*** Opening of EXCERPTED DATA ***

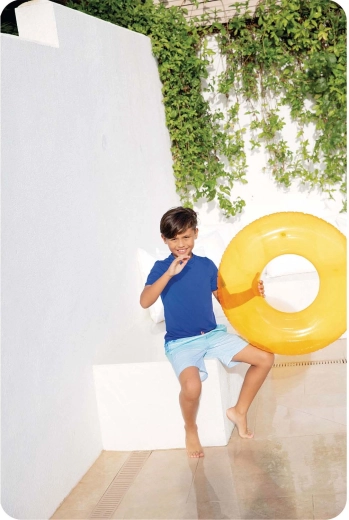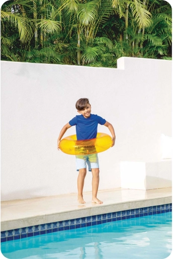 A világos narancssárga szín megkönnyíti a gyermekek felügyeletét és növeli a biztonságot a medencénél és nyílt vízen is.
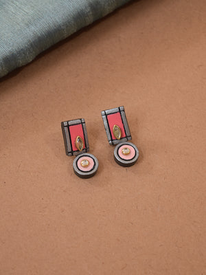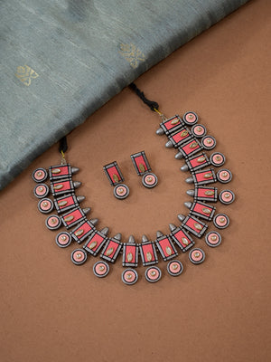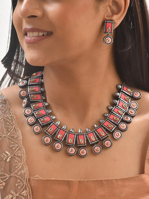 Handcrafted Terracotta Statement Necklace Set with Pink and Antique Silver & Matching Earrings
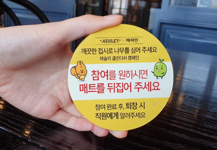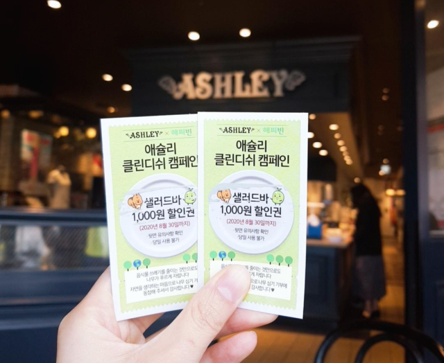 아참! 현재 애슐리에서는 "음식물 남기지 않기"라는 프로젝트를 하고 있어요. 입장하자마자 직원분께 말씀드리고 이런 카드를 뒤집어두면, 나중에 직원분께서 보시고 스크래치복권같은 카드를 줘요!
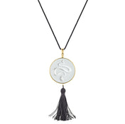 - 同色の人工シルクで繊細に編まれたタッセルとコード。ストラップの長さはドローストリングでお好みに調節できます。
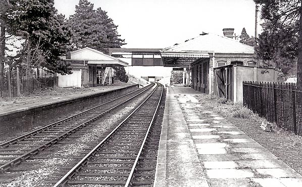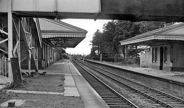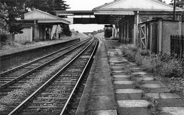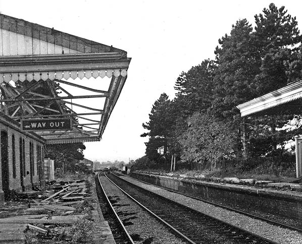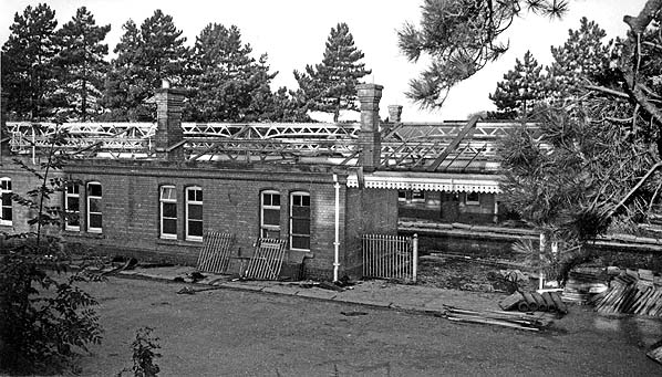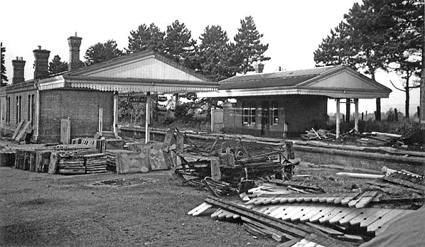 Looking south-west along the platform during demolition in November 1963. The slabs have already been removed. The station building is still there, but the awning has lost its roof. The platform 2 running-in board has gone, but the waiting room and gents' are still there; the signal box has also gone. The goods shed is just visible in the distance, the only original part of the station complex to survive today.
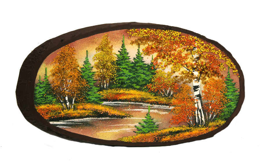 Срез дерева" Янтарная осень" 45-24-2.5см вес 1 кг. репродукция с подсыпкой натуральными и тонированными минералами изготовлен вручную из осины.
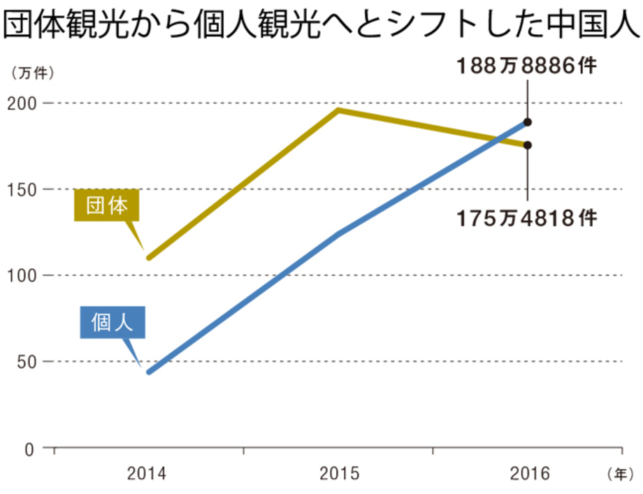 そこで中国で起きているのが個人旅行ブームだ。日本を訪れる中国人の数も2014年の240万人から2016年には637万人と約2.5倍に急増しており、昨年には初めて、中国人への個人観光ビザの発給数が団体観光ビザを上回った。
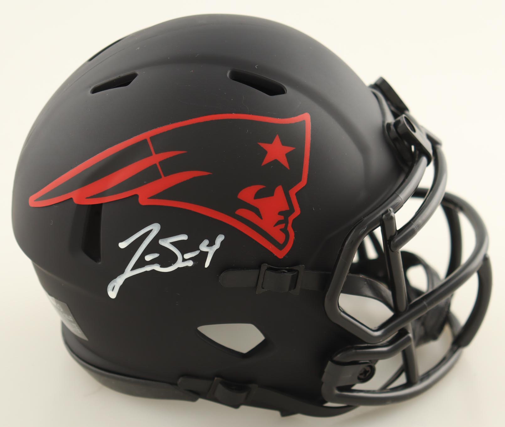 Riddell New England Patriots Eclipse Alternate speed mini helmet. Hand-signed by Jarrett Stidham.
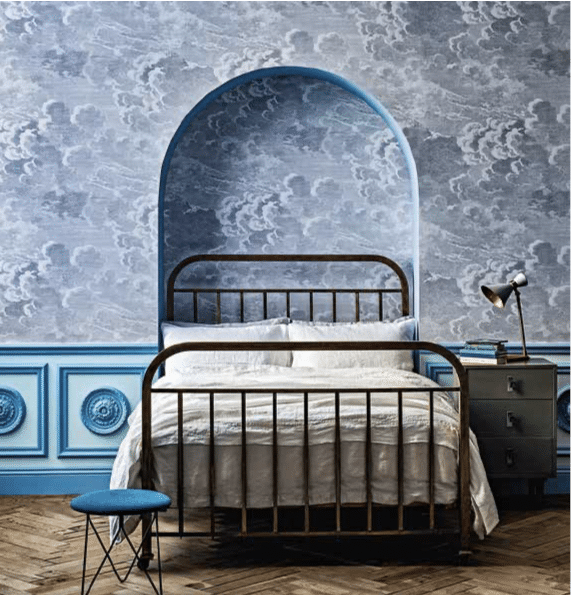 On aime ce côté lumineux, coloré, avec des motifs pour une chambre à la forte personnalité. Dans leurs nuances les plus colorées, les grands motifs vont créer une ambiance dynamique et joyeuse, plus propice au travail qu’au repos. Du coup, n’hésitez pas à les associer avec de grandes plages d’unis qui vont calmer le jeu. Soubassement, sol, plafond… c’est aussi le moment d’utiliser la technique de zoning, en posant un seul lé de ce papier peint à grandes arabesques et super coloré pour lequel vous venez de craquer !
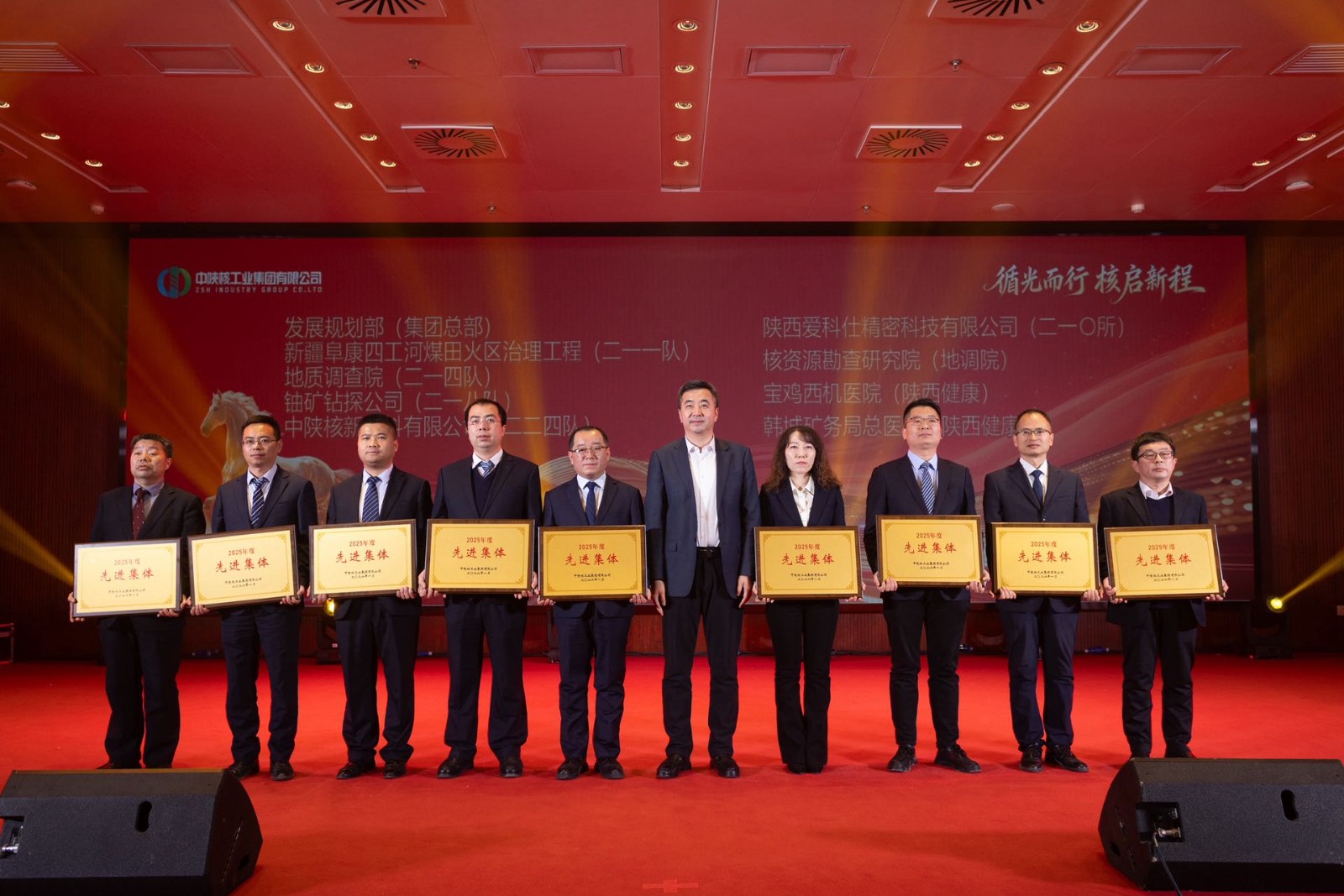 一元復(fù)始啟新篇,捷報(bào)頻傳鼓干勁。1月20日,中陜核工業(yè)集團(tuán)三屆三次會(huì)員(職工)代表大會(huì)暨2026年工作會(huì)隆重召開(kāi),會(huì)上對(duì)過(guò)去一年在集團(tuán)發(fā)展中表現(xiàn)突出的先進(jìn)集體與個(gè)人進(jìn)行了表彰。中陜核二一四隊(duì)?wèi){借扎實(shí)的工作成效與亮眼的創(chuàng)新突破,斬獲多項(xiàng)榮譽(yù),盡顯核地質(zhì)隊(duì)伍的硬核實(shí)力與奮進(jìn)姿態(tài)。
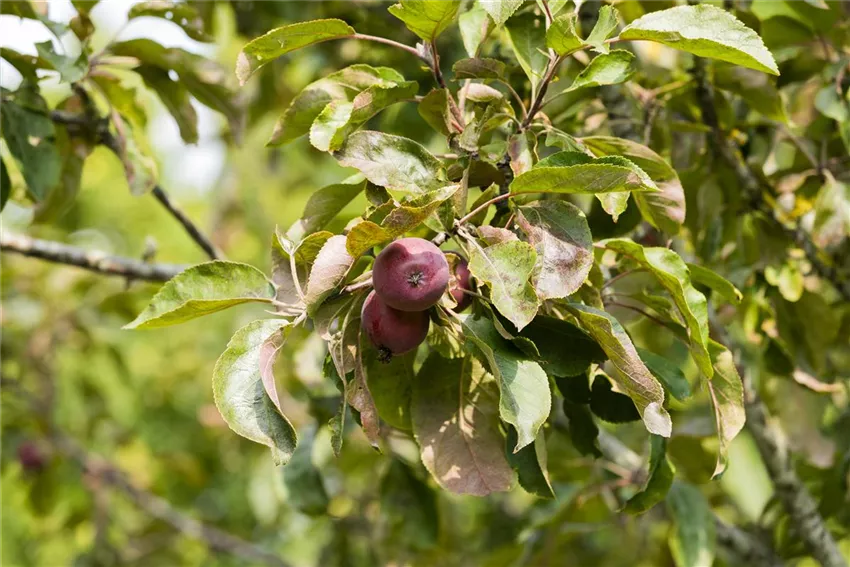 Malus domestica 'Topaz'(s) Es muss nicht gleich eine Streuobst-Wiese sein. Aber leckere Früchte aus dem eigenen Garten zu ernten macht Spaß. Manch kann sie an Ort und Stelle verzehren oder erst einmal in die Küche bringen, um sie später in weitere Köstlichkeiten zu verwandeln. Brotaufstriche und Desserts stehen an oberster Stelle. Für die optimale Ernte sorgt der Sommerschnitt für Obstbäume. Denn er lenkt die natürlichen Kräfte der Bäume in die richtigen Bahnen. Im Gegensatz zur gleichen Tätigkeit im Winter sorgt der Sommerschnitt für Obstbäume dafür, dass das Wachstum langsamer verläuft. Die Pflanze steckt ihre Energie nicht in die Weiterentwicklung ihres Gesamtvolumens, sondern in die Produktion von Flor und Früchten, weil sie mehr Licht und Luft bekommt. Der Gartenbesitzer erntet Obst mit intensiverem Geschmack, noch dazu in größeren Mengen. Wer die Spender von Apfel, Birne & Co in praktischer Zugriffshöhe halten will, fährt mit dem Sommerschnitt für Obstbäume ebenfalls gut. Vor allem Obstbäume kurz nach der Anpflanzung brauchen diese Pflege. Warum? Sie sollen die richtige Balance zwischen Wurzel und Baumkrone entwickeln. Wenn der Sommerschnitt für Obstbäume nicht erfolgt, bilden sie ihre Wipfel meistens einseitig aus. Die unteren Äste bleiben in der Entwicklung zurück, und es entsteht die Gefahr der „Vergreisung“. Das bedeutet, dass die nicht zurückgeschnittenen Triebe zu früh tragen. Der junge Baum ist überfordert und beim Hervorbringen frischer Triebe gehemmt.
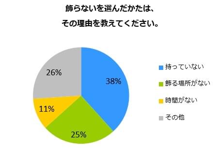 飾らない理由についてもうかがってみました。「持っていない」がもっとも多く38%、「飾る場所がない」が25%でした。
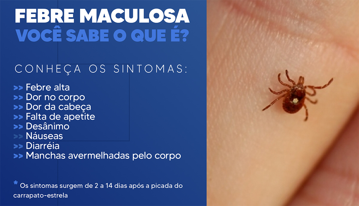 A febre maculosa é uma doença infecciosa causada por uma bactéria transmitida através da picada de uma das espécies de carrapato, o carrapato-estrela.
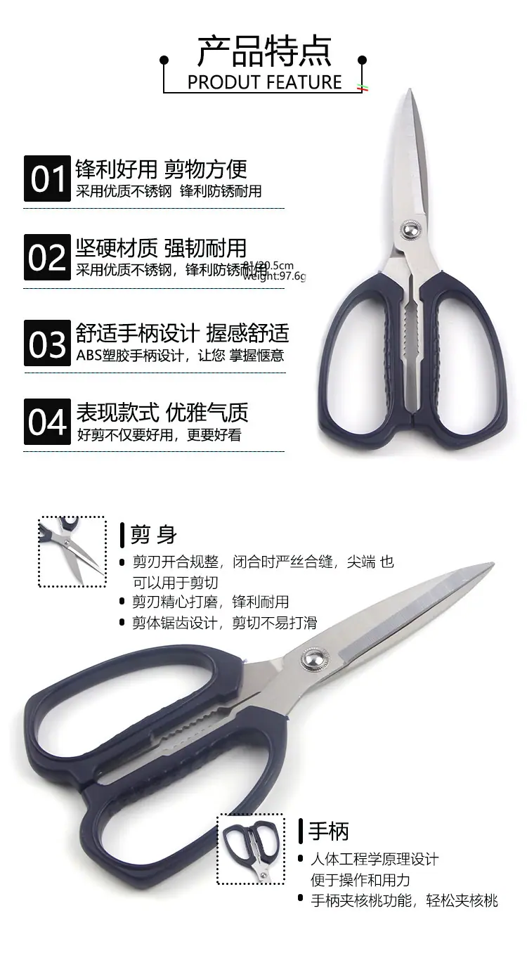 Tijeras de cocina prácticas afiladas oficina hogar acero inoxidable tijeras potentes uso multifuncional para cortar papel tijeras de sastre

*** Close of EXCERPTED DATA ***

> WHAT TO WORK ON:
A word-for-word reproduction is needed of the lines above from the line containing "вручную из осины." through the line containing "Riddell New England", with both ends kept and no pictures.

> EXERCISE RESPONSE:
 Срез дерева" Янтарная осень" 45-24-2.5см вес 1 кг. репродукция с подсыпкой натуральными и тонированными минералами изготовлен вручную из осины.
 そこで中国で起きているのが個人旅行ブームだ。日本を訪れる中国人の数も2014年の240万人から2016年には637万人と約2.5倍に急増しており、昨年には初めて、中国人への個人観光ビザの発給数が団体観光ビザを上回った。
 Riddell New England Patriots Eclipse Alternate speed mini helmet. Hand-signed by Jarrett Stidham.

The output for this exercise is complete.